GCP with Dataflow - PubSub - BigQuery
Description
This Python project set up the following working components on Google Cloud Platform (GCP)
-
Publishing messages name, action, and created_at timestamp to a GCP topic
-
Subscribing the messages to from the topic's subscription and print out the msg
-
An apache beam dataflow that perform the following tasks
- accepts input arguments to listen to a GCP topic or subscription
- accepts input arguments to save the event data to big query with some data transformation
- perform streaming analytic with a 10-second window and 30 minute allowed lateness watermark
- the streaming analytic aggregate the number of time a name is mentioned within the window and print it out
Prerequisites
In order to run this code, you will need the following set up
- A working GCP project with BigQuery, PubSub, and Dataflow enabled
- Install and initialize GCP Cloud SDK: https://cloud.google.com/sdk/docs/
- A service account that have the appropriate permission to read and write to the above services
- Without the service account, you can use the default google credentials as well
- In BigQuery console window, create a dataset named "CoreTest" and a table named "dataflow_mvp"

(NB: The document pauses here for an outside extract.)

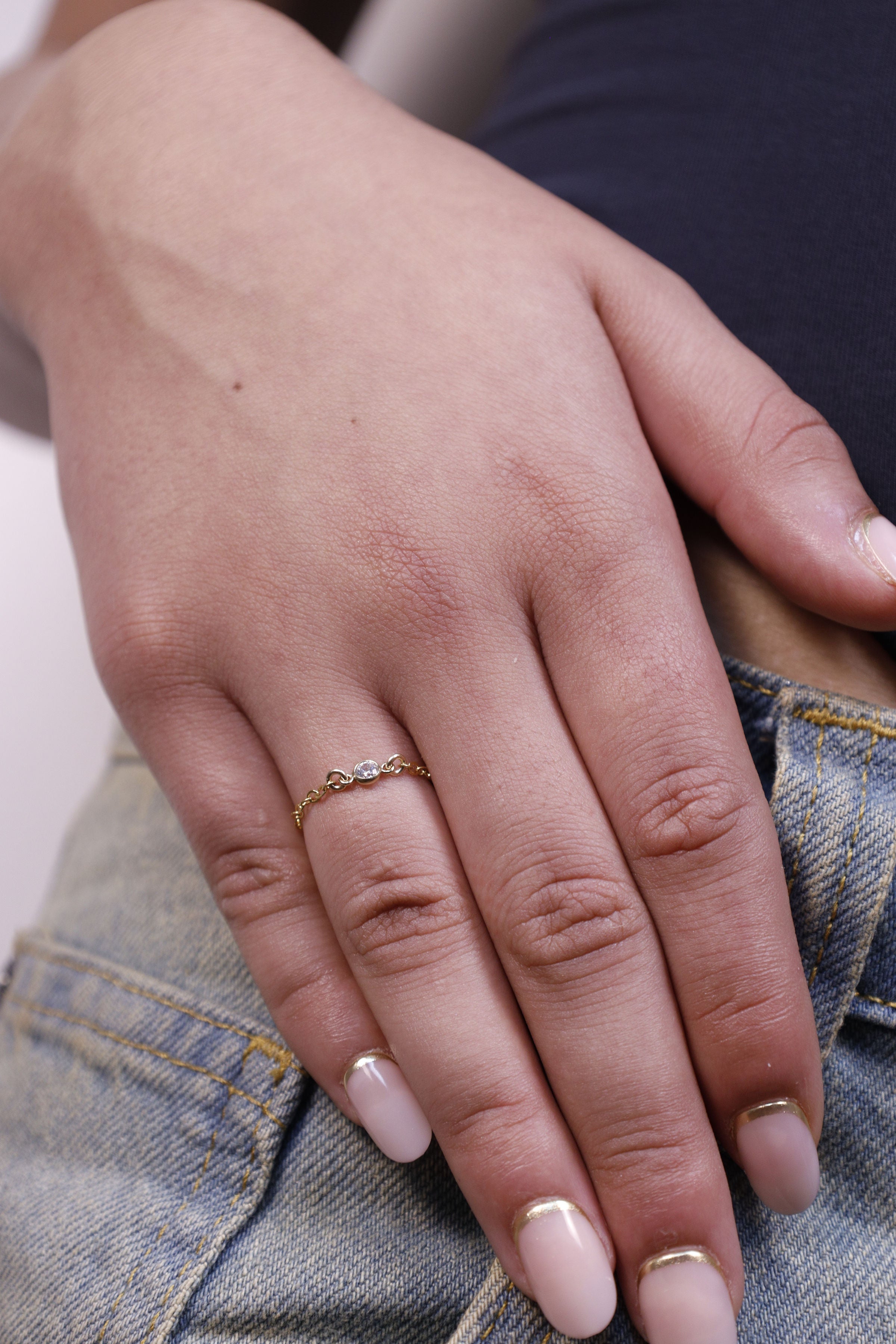 The perfect minimalistic ring with a touch of sparkle. Dress up your look with the Mini Chain Clear Bezel Ring. Whether worn alone or stacked with other rings, this minimal ring will look stunning regardless!

- The table schema can be referred inside mvp.py file toward the end of the source code
- Create a .env file with the following keys
- GCP_DEFAULT_CREDENTIALS=the absolute path of your credential json file
- TOPIC_ID=GCP topic id name only
- SUBSCRIPTION_ID=GCP subscription id name only
Structure
-
pubSubMessage folder contain two python files
- publish.py is used to publish events to a topic
- subscribe.py is used to subscribe events from the topic's subscription
-
mvp.py is an apache beam code which retrieves data from the subscription or a topic
- it allows watermark and 30 minute lateness
- it processes created_at format so that big query can accept as streaming insert
- it saves the output to bigquery to CoreTest.dataflow_mvp
- it aggregates name and number of action per name per window batch and print it out
-
Dataflow getting started example provided from Apache Beam
Usages
This section assumes you already complete all the prerequisites mentioned above From this point, we will simulate all the components using Terminal interface. The dataflow will also run via DirectRunner instead of deploying to GCP dataflow. You can deploy the apache beam code to dataflow runner if you prefer. Make sure to provide the appropriate credentials. Refer to Dataflow Python Quickstart
-
After turning on virtualenv and install the dependencies, turn on the component to publish events
cd pubSubMessages python publish.py
-
Optional: In a different window, turn on the component to subscribe to the events
cd pubSubMessgaes python subscribe.py
-
To turn on dataflow runner, first provide default GCP credentials to your terminal window
export GOOGLE_APPLICATION_CREDENTIALS="<absolute path of the credential json file>"
-
then run the dataflow with DirectRunner
python -m mvp --output_table <project-id>:<dataset-id>.<table-id> --input_subscription projects/<project-id>/subscriptions/<subscription-id>
Deploy on GCP
-
More detail from GCP Flex Template example
-
Set shell environment variables
export REGION="us-central1" export SUBSCRIPTION="<your_subscription_name>" export PROJECT="<your_project_name>" export DATASET="<your_dataset_name>" export TABLE="<your_table_name" export BUCKET="<you_gcp_storage_bucket_name>"
-
Docker Build the template. In this case, the image name is tri-beam
export TEMPLATE_IMAGE="gcr.io/$PROJECT/dataflow/tri-beam:latest" gcloud builds submit --tag "$TEMPLATE_IMAGE"
-
Create the template json. In this case, the template json file name is tri-beam
export TEMPLATE_PATH="gs://$BUCKET/test/templates/tri-beam.json" gcloud dataflow flex-template build $TEMPLATE_PATH \ --image "$TEMPLATE_IMAGE" \ --sdk-language "PYTHON" \ --metadata-file "metadata.json"
-
Running Dataflow flex template. In this case, the job name is tri-beam-
gcloud dataflow flex-template run "tri-beam-`date +%Y%m%d-%H%M%S`" \ --template-file-gcs-location "$TEMPLATE_PATH" \ --parameters input_topic="projects/$PROJECT/topics/$TOPIC" \ --parameters output_table="$PROJECT:$DATASET.$TABLE" \ --region "$REGION"